Data Driven: Gearing up Python for High-Speed HDF Adventures
08-25, 13:40–14:20 (Asia/Kuala_Lumpur), JC 1

In today’s world of data-intensive technologies, engineers are constantly challenged to manage vast and complex datasets effectively. This talk zeroes in on enhancing Hierarchical Data Format (HDF) operations at the hardware level to achieve unprecedented speed and efficiency in processing dense and sparse datasets.

Participants will be introduced to the HDF implementation strategy specifically designed for Python. We will delve into a variety of approaches essential for applications that generate massive data streams. By harnessing the power of multiprocessing, advanced hardware techniques, and optimized data schemes, we demonstrate substantial improvements in data handling efficiency.

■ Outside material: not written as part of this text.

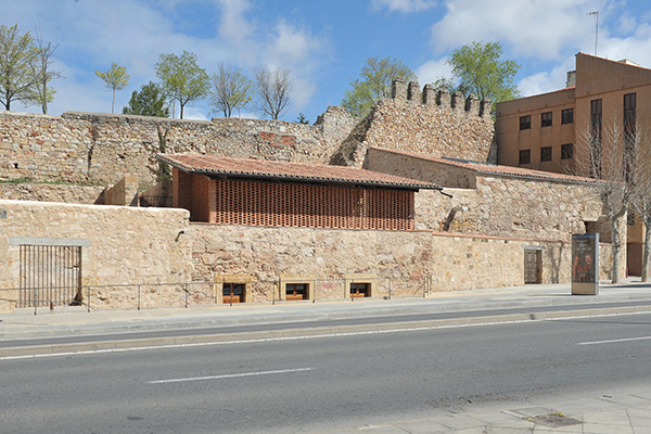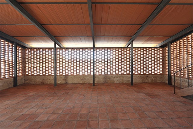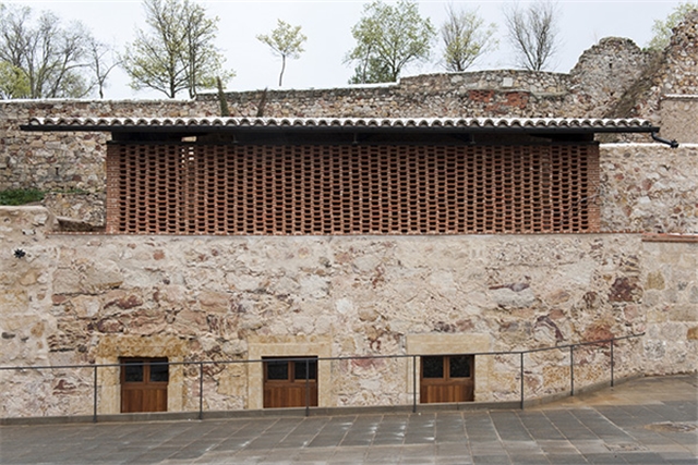 En el edificio de “oficinas” se planteó la recuperación de la volumetría histórica, aunque al haber desaparecido completamente los muros de mampostería originales, carecía de sentido la reproducción mimética del cuerpo alto. Por esta razón se opta por delimitar el espacio mediante una celosía neutra de ladrillo que define la traza mientras crea sutiles efectos de luz y sombra, quedando protegida con una cubierta de teja a un agua similar a la original, y que se manifiesta en su cara inferior mediante similar material.

The session will outline strategies for implementing HDF in two distinct case studies: Distributed Acoustic Sensing (DAS), which is characterized by its dense data streams, and corrosion detection in 3D point clouds, exemplifying the challenges of sparse data management. These strategies not only accelerate processing but also significantly boost scalability and responsiveness—key components for effective data analysis and visualization in Python environments.


Participants will leave with actionable insights into:
- When to use HDF for data storage
- Efficient HDF implementations that cater to both dense and sparse data scenarios.
- Techniques to harness the power of multiprocessing and exploit hardware for HDF in Python.
- Practical examples from case studies

Khairulmizam is a Computer engineering researcher at Universiti Putra Malaysia, a hardware tinkerer, a Python and C programmer, and a Linux user.